Sans doute poussé par la curiosité, il observa la couverture du livre avec attention, alors que sa main droite se dirigea involontairement sur le livre pour l’ouvrir. Paki se retrouva tout d’un coup avec le livre ouvert à la première page, et, sans même savoir comment, il commença à le lire. Il n’avait jamais fait ça auparavant, pourtant trois heures après, il était encore en train de lire. Il ne s’interrompit que lorsque sa femme l’appela pour la troisième fois, de plus en plus brusquement, pour qu’il vienne s’asseoir à table. Paki se leva, mangea en vitesse et retourna à sa lecture.

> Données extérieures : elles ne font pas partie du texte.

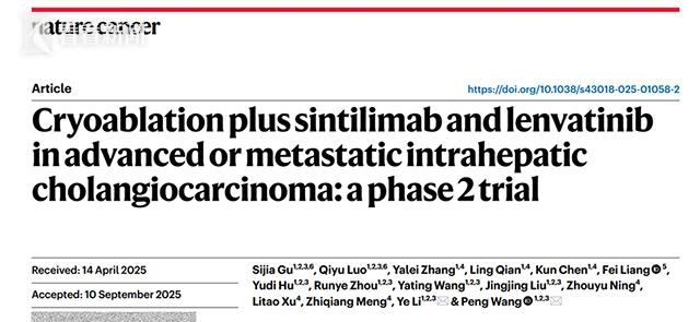 此背景下,11月2日,王鹏教授团队在《Nature Cancer》(自然-癌症)在线发表了题为“冷冻消融联合信迪利单抗和仑伐替尼治疗晚期/转移性肝内胆管癌”的Ⅱ期临床研究结果。该方案针对一线治疗失败的晚期肝内胆管癌患者,将客观有效率(ORR)从既往约5%显著提升至75%,中位无进展生存期(PFS)从2-4个月提升到16.8个月,总生存期(OS)达25.4个月,且安全性良好。这一成果不仅是我国肝胆肿瘤领域原创性突破的重要体现,更为全球晚期胆管癌治疗提供了新思路。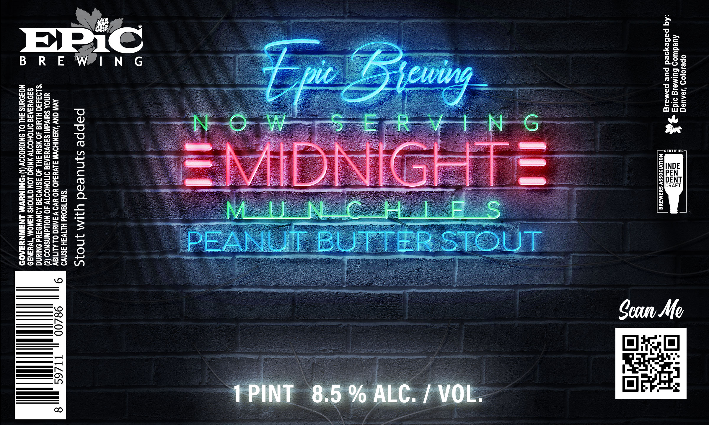 午夜Munchies Peanut酱粗壮将在犹他州和科罗拉多州的史诗酿造地点提供16盎司罐头,以及从1月5日开始的选择市场。在下次感受到零食的冲动下,而不是峡谷,而不是峡谷在薯片中,裂开午夜的寒冷罐头。查看标签上的新扫描QR码。今年旋转16盎司罐的每一个均配有独特的代码。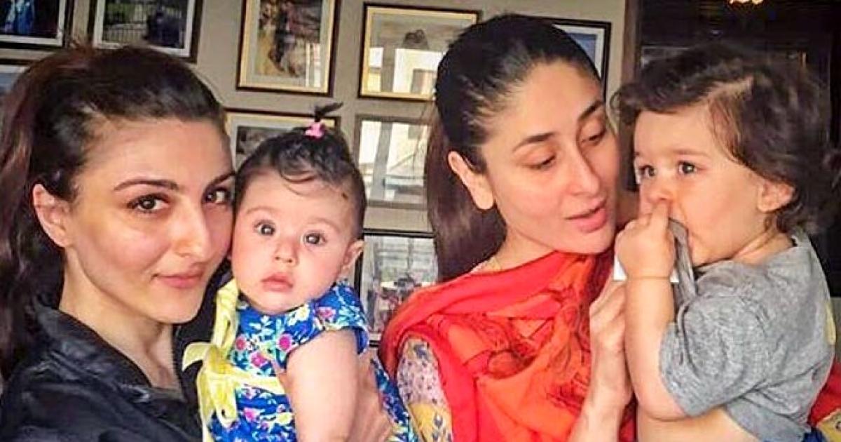 IMAGE: Soha Ali Khan and her sister-in-law Kareena Kapoor pose with their cuties, Inaaya and Taimur. Photograph: Kind courtesy Soha Ali Khan/Instagram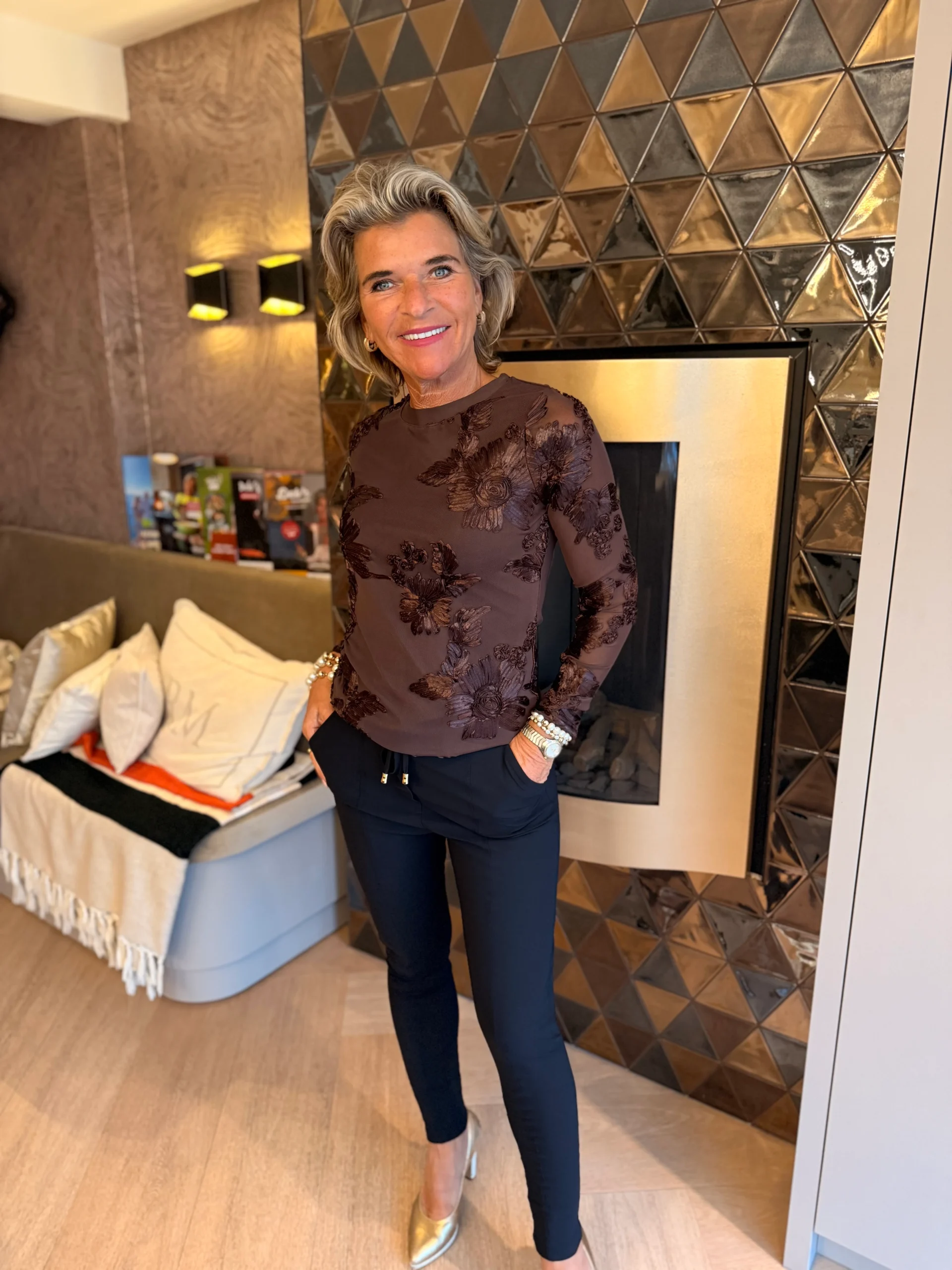 Deze top is een echte blikvanger. De semi-transparante stof geeft het shirt een elegante, luchtige uitstraling, terwijl de verfijnde geborduurde bloemen zorgen voor een luxe, gedetailleerde finish. Dankzij de comfortabele stretch sluit het mooi aan op het lichaam en is het perfect te stylen voor zowel een alledaagse look als een avondje uit.

Il reprit le livre entre ses mains, qui d’ailleurs n’était pas un livre publié par une maison d’édition, mais qui était un simple document dactylographié relié par un petit laboratoire artisanal. Sur la couverture bleue, imprimé en caractères dorés, on pouvait lire le titre : « Un homme mémorable ». Le livre était composé d’environ 250 pages. Paki le lut avec avidité jusqu’à la fin, et lorsqu’il atteignit la dernière phrase, il se retrouva avec un nœud dans la gorge et les joues baignées de larmes abondantes qui coulaient de ses yeux. Il avait été tellement ému en lisant cette histoire qu’il avait sangloté pendant plusieurs minutes. Ce qui était étrange, c’est que Paki n’avait lu dans sa vie qu’une dizaine de livres, et quand il les commençait, il finissait de les lire une semaine après. Au contraire, ce soir-là, il avait lu tout le livre d’un trait. Ce livre avait été écrit par un certain Vittorio, habitant à Rome, pour rappeler son père Luigi à ceux qui l’avaient connu et l’avaient estimé pour sa ténacité et son courage pour affronter l’adversité ; et aussi pour faire connaître aux autres personnes un homme dont la dignité avait exemplaire pour beaucoup.

Paki fut fort content d’avoir pu connaître cette figure paternelle belle et précieuse en lisant le livre.